The response should contain all of the records, copied exactly, and none of the images.

EXTRACTED ENTRIES START

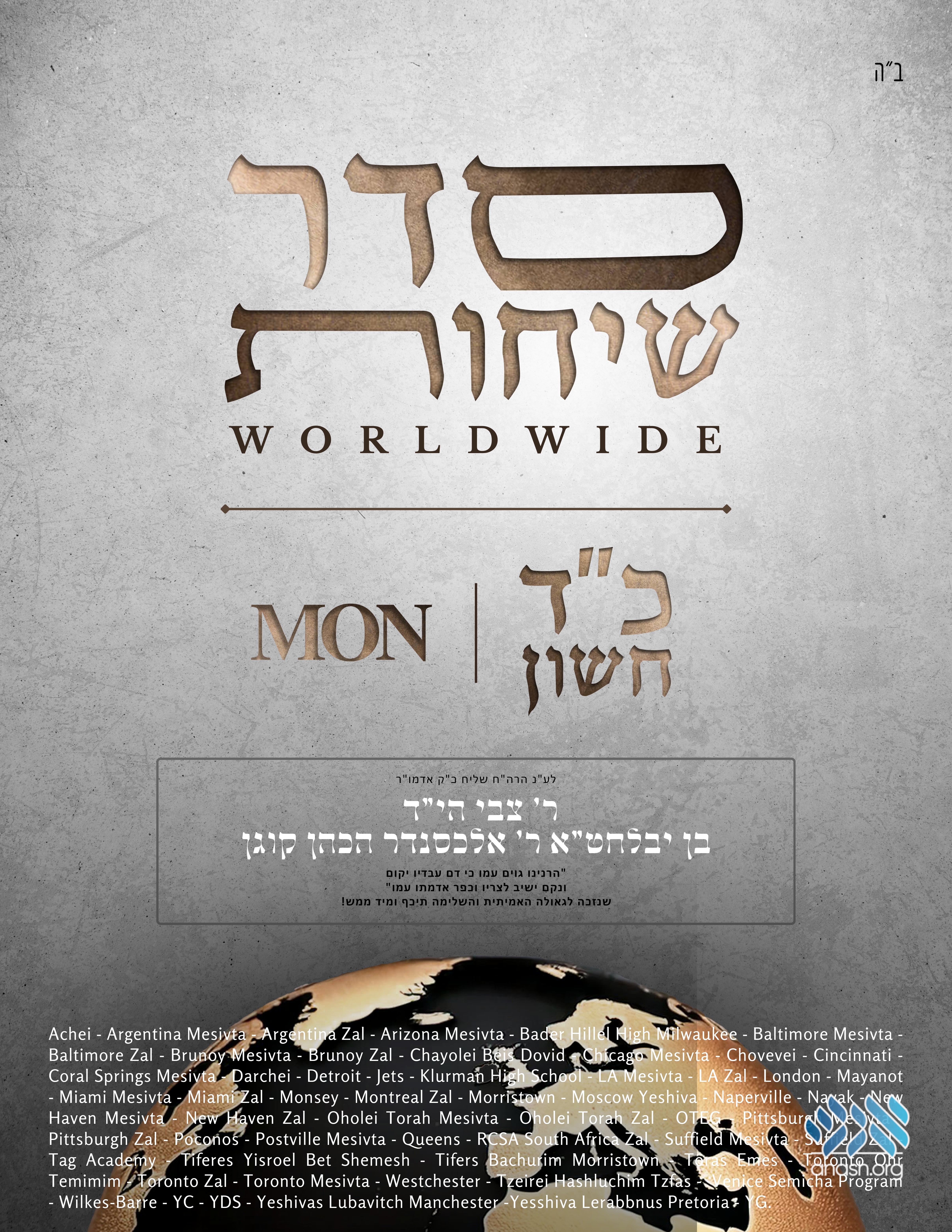Bochurim in over 60 Yeshivos across the world will join Monday evening for a special seder Sichos in memory of Rabbi Zvi Hacohen Kogen HY”D, who lost his life Al Kidush Hashem.
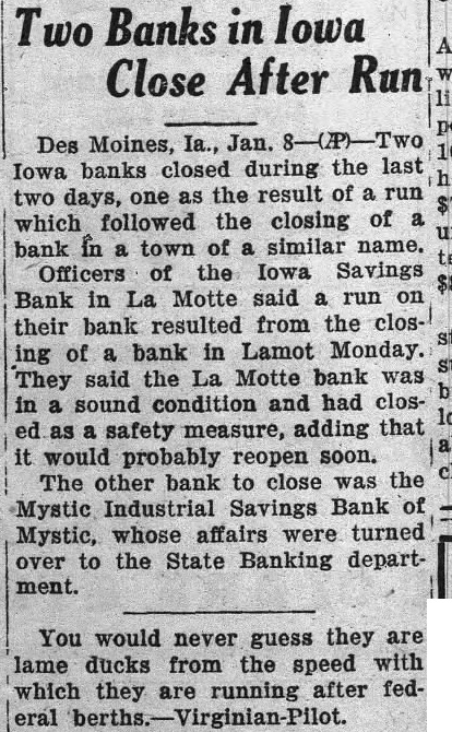 Two Banks in Iowa Close After Run Des Moines, Ia., Jan. banks closed during the last Iowa two days, one as the result of run which followed the closing of um bank in town of similar name. a ter Officers of the Iowa Savings Bank in La Motte said run on their bank resulted from the closing of bank in Lamot Monday. They said the La Motte bank was in sound condition and had closed as safety adding that it would probably reopen soon. The other bank close was the Mystic Industrial Savings Bank of Mystic, whose affairs were turned over to the State Banking department. You would never guess they are lame ducks from the speed with which they are running after fed-
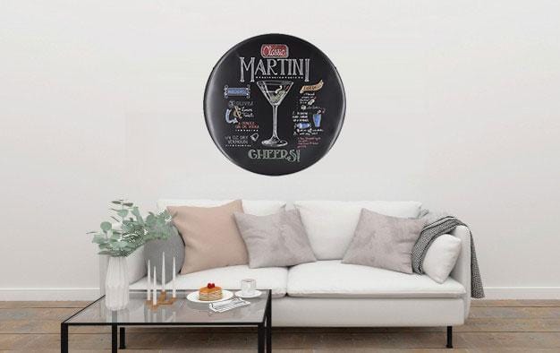 Martini Round Metal Tin Sign Poster will adorn the look and feel of your wall. This versatile and durable tin sign, metal wall poster can be stuck in any corner of your room, office, shop, shed, garage or store and it will look just as great. Imported Iron. Fashion & Retro Quality Tinned Skin. Four pre-drilled holes for hanging or you may use double-sided tape.
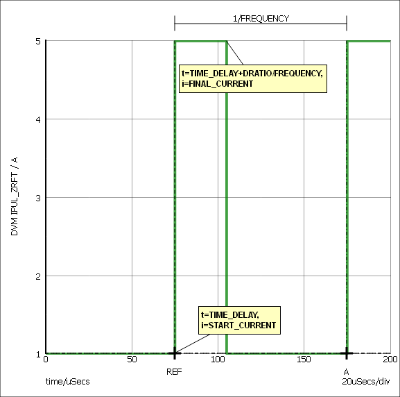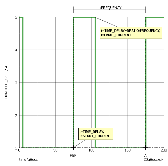 Since the TIME_DELAY parameter is set to zero, the pulse waveform begins with the FINAL_CURRENT value of 5A at t=0.
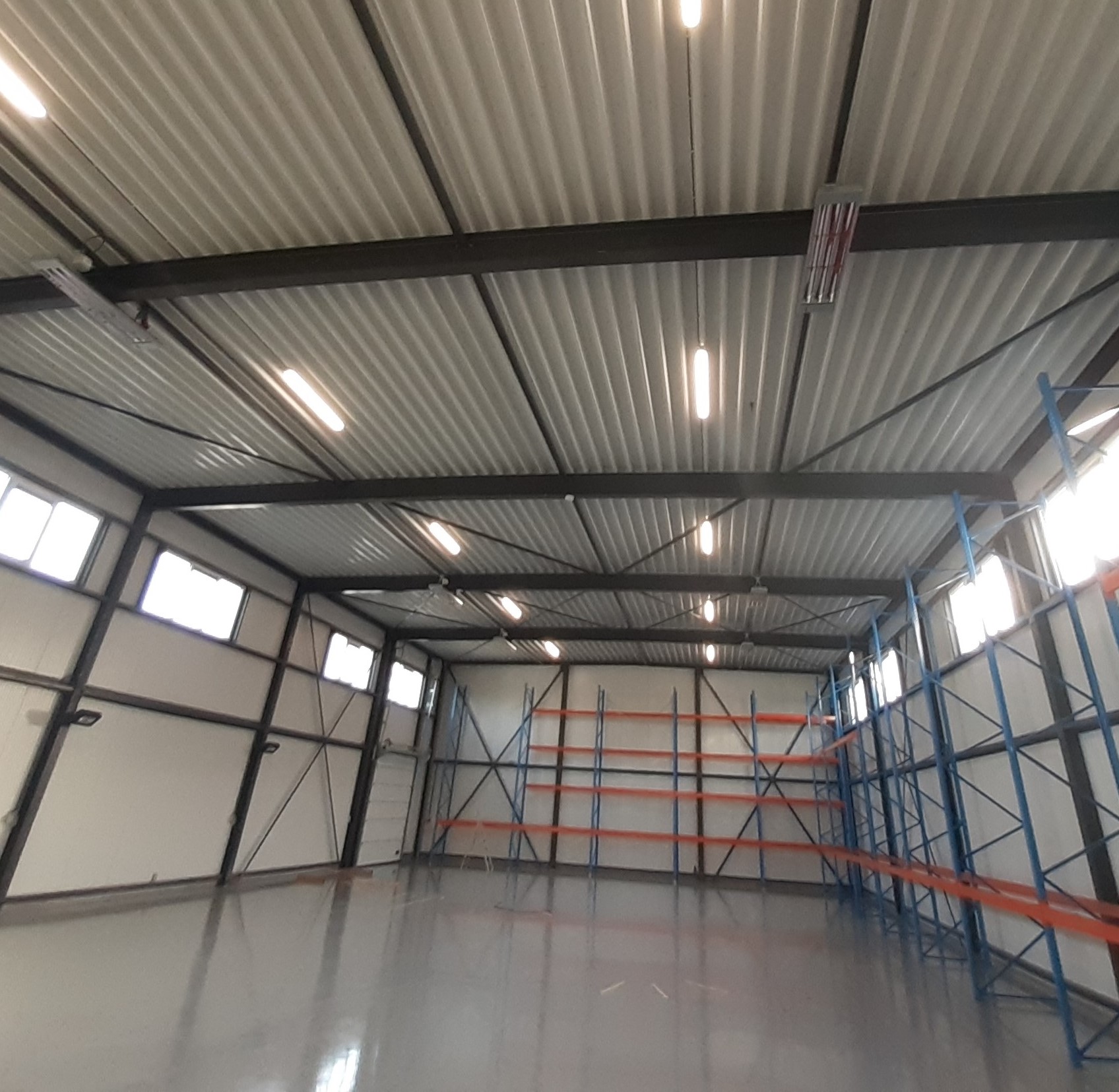Bedrijfshal 1 hebben we verwarmd met 6 stuks IR4500 infraroodstraler van het merk Frico. Tevens hebben we in deze bedrijfshal 2 werkplekken verwarmd doormiddel van 2 stuks kortegolf infrarood stralers type Apollo van het merk Tansun. De werkplek stralers worden in - en uitgeschakeld doormiddel van een timer met pulsdrukker. De regeling van deze stralers gaat doormiddel van een draadloze W2Go klokthermostaat en hoog vermogen ontvangers. Er is in deze bedrijfshal vooral gekeken naar zoveel mogelijk energie besparen. het magazijn kan op 10 graden worden verwarmd en de werkplekken op momenten dat het nodig is op 15 graden.
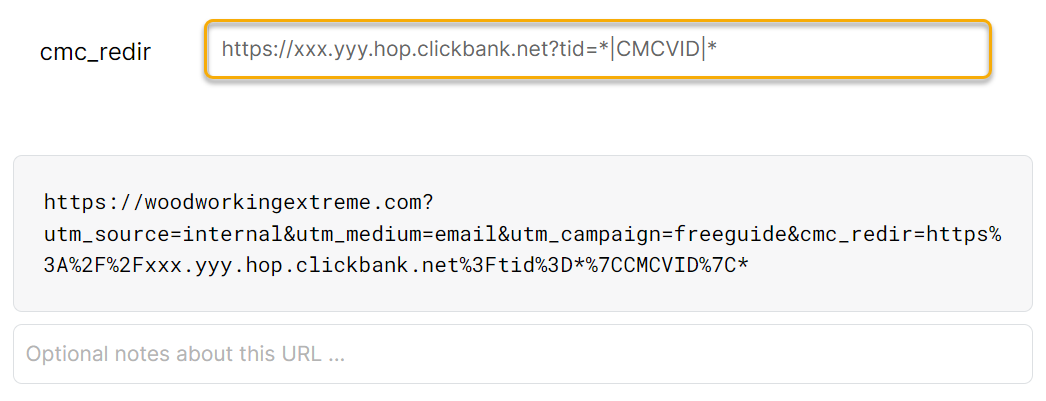Add the affiliate link you modified above to the cmc_redir field and then copy your URL.

EXTRACTED ENTRIES END

#### PROBLEM SOLUTION:
Bochurim in over 60 Yeshivos across the world will join Monday evening for a special seder Sichos in memory of Rabbi Zvi Hacohen Kogen HY”D, who lost his life Al Kidush Hashem.
 Two Banks in Iowa Close After Run Des Moines, Ia., Jan. banks closed during the last Iowa two days, one as the result of run which followed the closing of um bank in town of similar name. a ter Officers of the Iowa Savings Bank in La Motte said run on their bank resulted from the closing of bank in Lamot Monday. They said the La Motte bank was in sound condition and had closed as safety adding that it would probably reopen soon. The other bank close was the Mystic Industrial Savings Bank of Mystic, whose affairs were turned over to the State Banking department. You would never guess they are lame ducks from the speed with which they are running after fed-
 Martini Round Metal Tin Sign Poster will adorn the look and feel of your wall. This versatile and durable tin sign, metal wall poster can be stuck in any corner of your room, office, shop, shed, garage or store and it will look just as great. Imported Iron. Fashion & Retro Quality Tinned Skin. Four pre-drilled holes for hanging or you may use double-sided tape.
 Since the TIME_DELAY parameter is set to zero, the pulse waveform begins with the FINAL_CURRENT value of 5A at t=0.
Bedrijfshal 1 hebben we verwarmd met 6 stuks IR4500 infraroodstraler van het merk Frico. Tevens hebben we in deze bedrijfshal 2 werkplekken verwarmd doormiddel van 2 stuks kortegolf infrarood stralers type Apollo van het merk Tansun. De werkplek stralers worden in - en uitgeschakeld doormiddel van een timer met pulsdrukker. De regeling van deze stralers gaat doormiddel van een draadloze W2Go klokthermostaat en hoog vermogen ontvangers. Er is in deze bedrijfshal vooral gekeken naar zoveel mogelijk energie besparen. het magazijn kan op 10 graden worden verwarmd en de werkplekken op momenten dat het nodig is op 15 graden.
Add the affiliate link you modified above to the cmc_redir field and then copy your URL.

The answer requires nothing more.